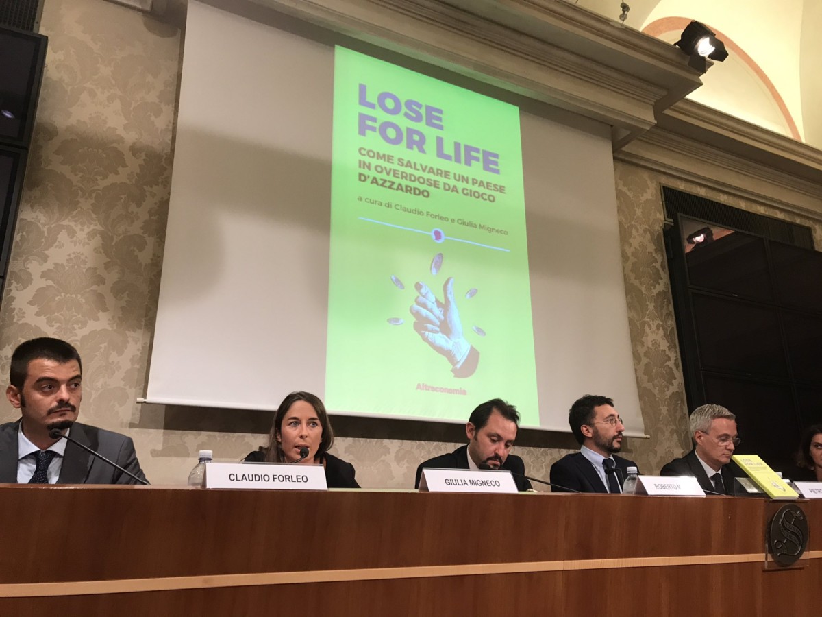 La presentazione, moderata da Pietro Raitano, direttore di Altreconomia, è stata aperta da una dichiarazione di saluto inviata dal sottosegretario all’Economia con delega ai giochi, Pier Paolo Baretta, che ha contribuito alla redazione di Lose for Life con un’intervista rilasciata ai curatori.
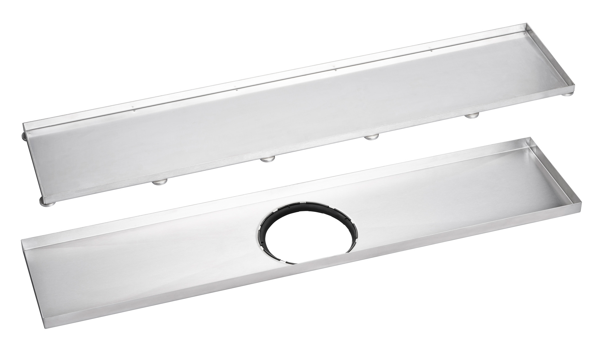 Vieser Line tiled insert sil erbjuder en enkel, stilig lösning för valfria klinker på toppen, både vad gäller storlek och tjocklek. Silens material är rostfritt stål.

==

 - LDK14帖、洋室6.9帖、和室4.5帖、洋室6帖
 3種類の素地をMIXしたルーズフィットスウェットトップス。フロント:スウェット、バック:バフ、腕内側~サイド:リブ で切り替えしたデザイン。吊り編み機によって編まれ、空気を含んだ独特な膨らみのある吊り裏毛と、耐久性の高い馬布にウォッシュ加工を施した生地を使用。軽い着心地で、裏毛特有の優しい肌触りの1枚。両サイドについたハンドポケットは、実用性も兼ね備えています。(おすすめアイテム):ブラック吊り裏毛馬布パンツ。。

Work required: The required output is every line above from the one with "- LDK14帖、洋室6.9帖、和室4.5帖、洋室6帖" down to the one with "3種類の素地をMIXしたルー", restated word for word, ends included.

Task response:
 - LDK14帖、洋室6.9帖、和室4.5帖、洋室6帖
 3種類の素地をMIXしたルーズフィットスウェットトップス。フロント:スウェット、バック:バフ、腕内側~サイド:リブ で切り替えしたデザイン。吊り編み機によって編まれ、空気を含んだ独特な膨らみのある吊り裏毛と、耐久性の高い馬布にウォッシュ加工を施した生地を使用。軽い着心地で、裏毛特有の優しい肌触りの1枚。両サイドについたハンドポケットは、実用性も兼ね備えています。(おすすめアイテム):ブラック吊り裏毛馬布パンツ。。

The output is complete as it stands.